▸ DATASET EXCERPT:
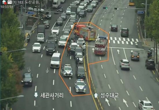 사고 처리 작업으로 언주로 성수대교남단교차로에서 도산공원교차로 양방향 교통이 부분적으로 통제 중이다.
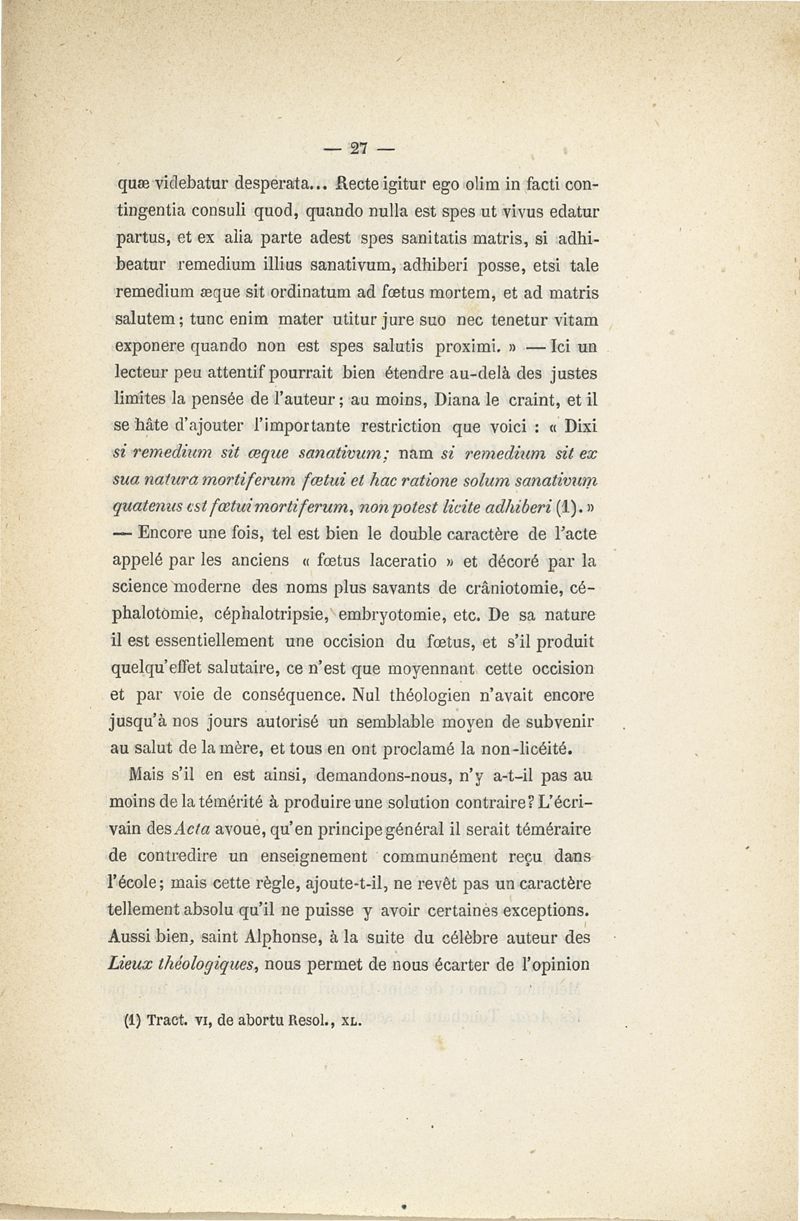L'embryotomie au point de vue théologique et moral ou examen de la question s'il est permis de tuer l'enfant pour sauver la mère
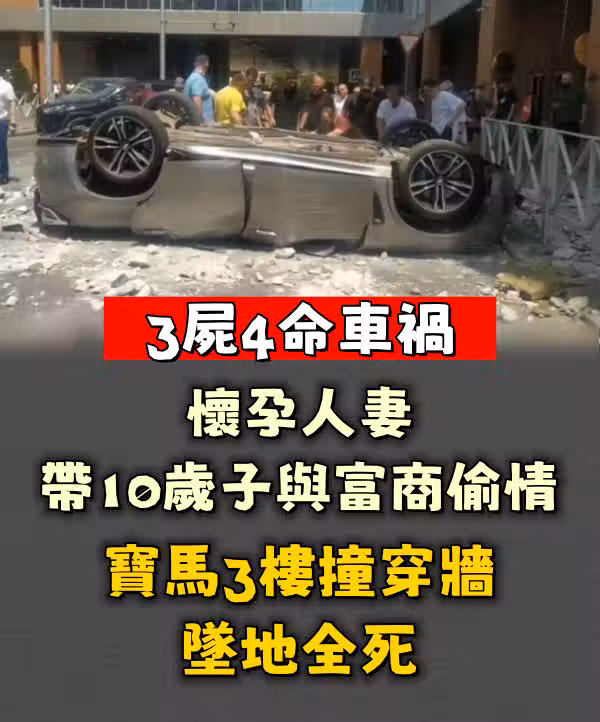 3屍4命車禍│懷孕人妻帶10歲子與富商偷 情 寶馬3樓撞穿牆墜地全死
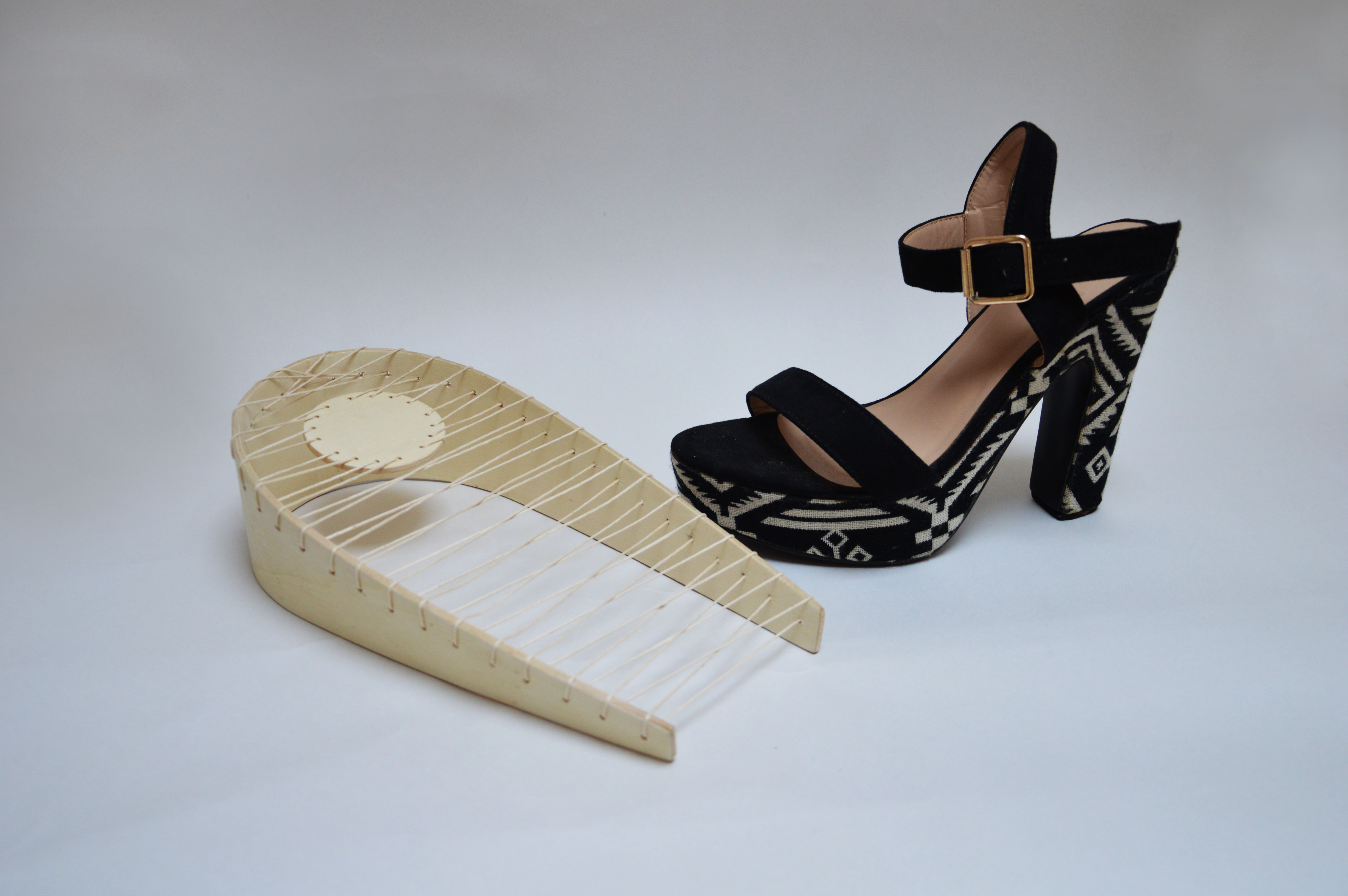 Stojan na topánky je inšpirovaný šitím a ručnou výrobou topánok. Je vyrobený z ohýbanej preglejky a šnúrky. Šnúrka drží zaoblený tvar a slúži ako protišmyková plocha, na ktorú pokladáme topánku. Na Stojan môžme umiestniť rôzne druhy topánok, čo nám umožňuje vypletený drevený kruh.

▸ TASK PROMPT: Reproduce exactly, and only, the lines from the opening line of the listing above through the line holding "3屍4命車禍│懷孕人妻帶10歲子與富商偷 情 寶馬3樓撞穿牆墜地全死", minus the pictures.

▸ TASK RESULT:
 사고 처리 작업으로 언주로 성수대교남단교차로에서 도산공원교차로 양방향 교통이 부분적으로 통제 중이다.
L'embryotomie au point de vue théologique et moral ou examen de la question s'il est permis de tuer l'enfant pour sauver la mère
 3屍4命車禍│懷孕人妻帶10歲子與富商偷 情 寶馬3樓撞穿牆墜地全死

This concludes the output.